## WORK REQUEST:
Look below for the line that contains "小亮的作法如下:如图①,过点", then copy it and each following line exactly, through and including the line that contains "where Id is".

DATA TO USE START

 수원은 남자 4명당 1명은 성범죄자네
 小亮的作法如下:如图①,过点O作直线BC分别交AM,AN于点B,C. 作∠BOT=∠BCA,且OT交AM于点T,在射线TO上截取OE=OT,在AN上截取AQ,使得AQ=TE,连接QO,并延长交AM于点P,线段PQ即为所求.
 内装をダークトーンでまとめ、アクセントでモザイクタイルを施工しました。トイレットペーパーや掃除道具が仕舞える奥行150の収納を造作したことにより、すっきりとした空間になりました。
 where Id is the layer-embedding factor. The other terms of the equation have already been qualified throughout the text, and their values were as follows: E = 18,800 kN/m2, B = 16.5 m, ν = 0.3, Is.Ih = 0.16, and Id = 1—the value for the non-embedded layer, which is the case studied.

DATA TO USE END
DATA TO USE START

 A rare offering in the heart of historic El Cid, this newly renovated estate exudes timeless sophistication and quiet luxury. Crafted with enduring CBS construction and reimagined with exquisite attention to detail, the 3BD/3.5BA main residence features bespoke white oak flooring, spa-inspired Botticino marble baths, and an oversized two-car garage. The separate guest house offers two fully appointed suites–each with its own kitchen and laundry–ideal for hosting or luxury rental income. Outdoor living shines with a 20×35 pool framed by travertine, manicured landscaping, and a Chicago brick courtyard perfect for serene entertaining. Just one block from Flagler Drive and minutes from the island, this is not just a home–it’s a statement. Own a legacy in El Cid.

DATA TO USE END

## RESPONSE FOR THIS EXERCISE:
 小亮的作法如下:如图①,过点O作直线BC分别交AM,AN于点B,C. 作∠BOT=∠BCA,且OT交AM于点T,在射线TO上截取OE=OT,在AN上截取AQ,使得AQ=TE,连接QO,并延长交AM于点P,线段PQ即为所求.
 内装をダークトーンでまとめ、アクセントでモザイクタイルを施工しました。トイレットペーパーや掃除道具が仕舞える奥行150の収納を造作したことにより、すっきりとした空間になりました。
 where Id is the layer-embedding factor. The other terms of the equation have already been qualified throughout the text, and their values were as follows: E = 18,800 kN/m2, B = 16.5 m, ν = 0.3, Is.Ih = 0.16, and Id = 1—the value for the non-embedded layer, which is the case studied.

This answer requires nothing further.